▶ **What is needed**
Repeat the records below exactly from the line containing "户型齐全,主打户型方正,明卫,明厨,客厅朝南,全明格局二居" to the line containing "Young man outdoors", taking in both of those lines. Drop the pictures.

▶ **Source data**
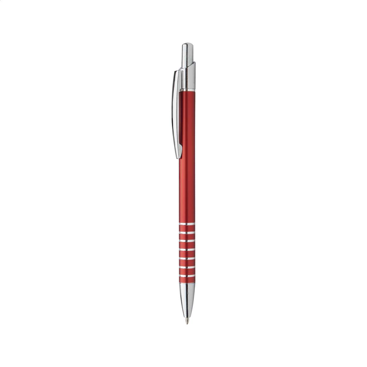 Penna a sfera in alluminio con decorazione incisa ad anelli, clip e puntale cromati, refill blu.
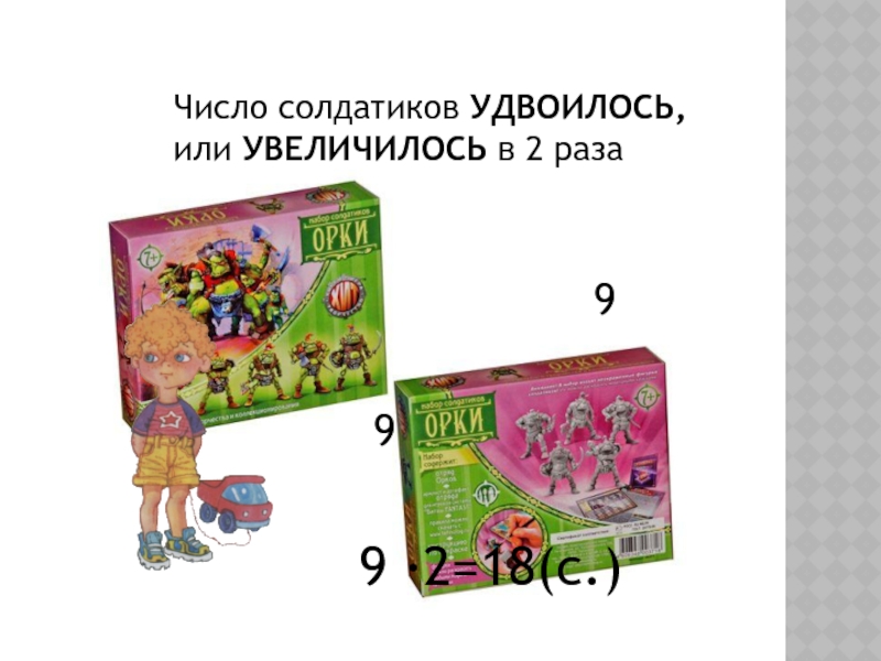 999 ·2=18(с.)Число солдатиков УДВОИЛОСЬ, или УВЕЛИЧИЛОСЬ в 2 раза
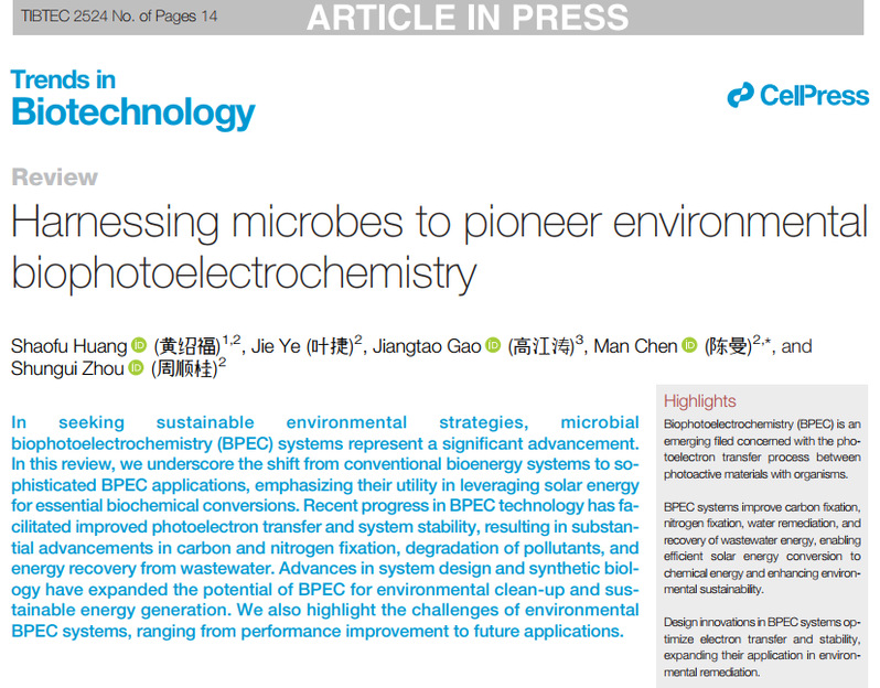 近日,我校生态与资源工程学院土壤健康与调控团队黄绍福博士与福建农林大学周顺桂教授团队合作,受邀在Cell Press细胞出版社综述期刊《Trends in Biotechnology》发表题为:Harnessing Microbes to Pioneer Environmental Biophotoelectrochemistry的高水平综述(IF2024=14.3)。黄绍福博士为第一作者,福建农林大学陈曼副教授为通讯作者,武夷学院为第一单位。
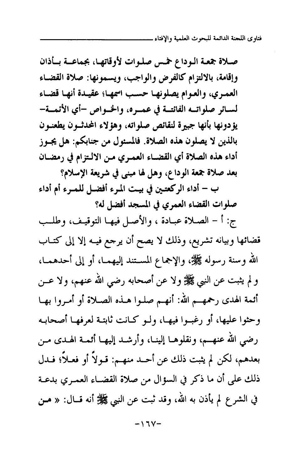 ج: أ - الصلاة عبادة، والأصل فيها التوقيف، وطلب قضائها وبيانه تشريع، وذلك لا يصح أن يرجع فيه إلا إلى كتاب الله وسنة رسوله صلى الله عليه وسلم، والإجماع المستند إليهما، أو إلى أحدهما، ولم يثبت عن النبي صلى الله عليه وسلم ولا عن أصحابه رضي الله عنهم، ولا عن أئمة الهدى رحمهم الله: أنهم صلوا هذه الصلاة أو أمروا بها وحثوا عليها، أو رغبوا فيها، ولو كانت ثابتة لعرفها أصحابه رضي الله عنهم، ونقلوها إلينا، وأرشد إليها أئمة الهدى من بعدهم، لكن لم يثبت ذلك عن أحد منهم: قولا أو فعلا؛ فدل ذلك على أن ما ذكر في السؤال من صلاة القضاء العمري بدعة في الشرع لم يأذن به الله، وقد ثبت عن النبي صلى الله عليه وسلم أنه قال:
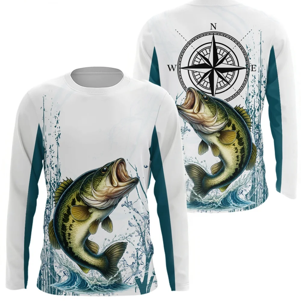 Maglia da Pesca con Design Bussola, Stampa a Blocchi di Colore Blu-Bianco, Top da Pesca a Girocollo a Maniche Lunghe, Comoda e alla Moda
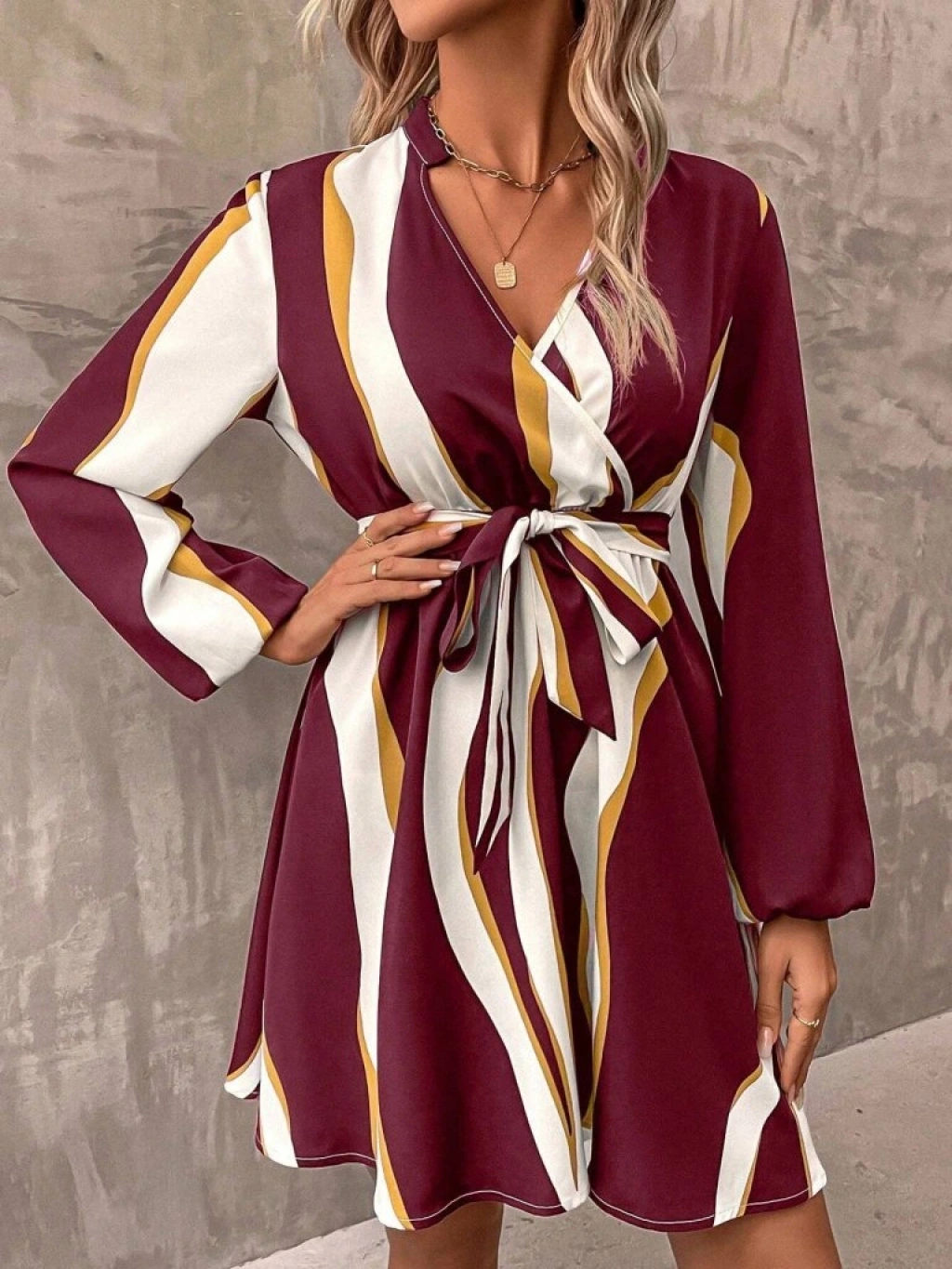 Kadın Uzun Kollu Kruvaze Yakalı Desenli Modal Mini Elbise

---

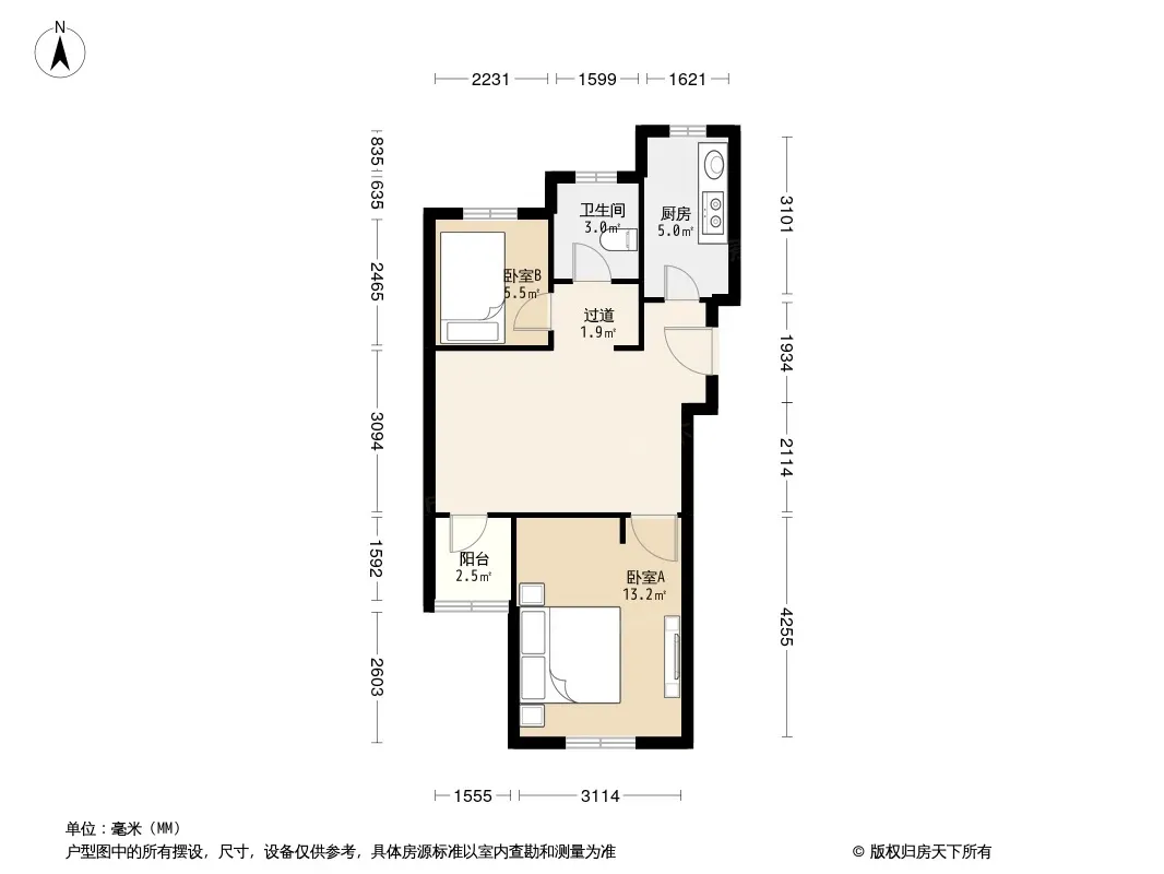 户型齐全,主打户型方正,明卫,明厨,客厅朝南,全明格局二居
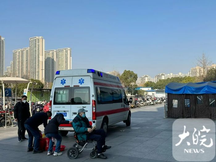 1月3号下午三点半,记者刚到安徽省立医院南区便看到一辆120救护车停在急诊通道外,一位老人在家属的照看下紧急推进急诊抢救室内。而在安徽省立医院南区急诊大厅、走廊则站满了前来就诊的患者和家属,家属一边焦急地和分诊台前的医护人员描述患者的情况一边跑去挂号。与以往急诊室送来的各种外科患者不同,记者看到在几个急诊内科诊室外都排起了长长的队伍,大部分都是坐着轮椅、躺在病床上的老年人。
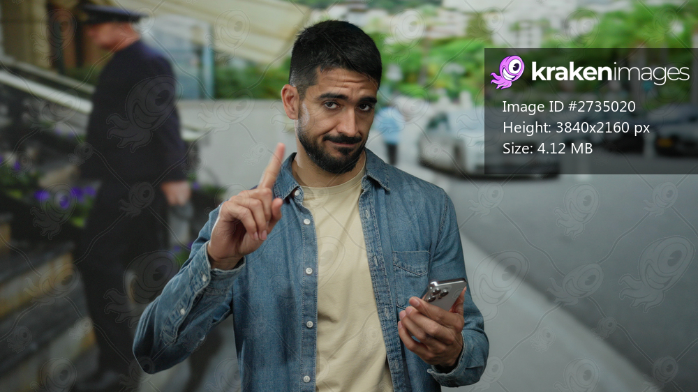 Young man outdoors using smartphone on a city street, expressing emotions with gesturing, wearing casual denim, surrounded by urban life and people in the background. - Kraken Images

▶ **Task output**
 户型齐全,主打户型方正,明卫,明厨,客厅朝南,全明格局二居
 1月3号下午三点半,记者刚到安徽省立医院南区便看到一辆120救护车停在急诊通道外,一位老人在家属的照看下紧急推进急诊抢救室内。而在安徽省立医院南区急诊大厅、走廊则站满了前来就诊的患者和家属,家属一边焦急地和分诊台前的医护人员描述患者的情况一边跑去挂号。与以往急诊室送来的各种外科患者不同,记者看到在几个急诊内科诊室外都排起了长长的队伍,大部分都是坐着轮椅、躺在病床上的老年人。
 Young man outdoors using smartphone on a city street, expressing emotions with gesturing, wearing casual denim, surrounded by urban life and people in the background. - Kraken Images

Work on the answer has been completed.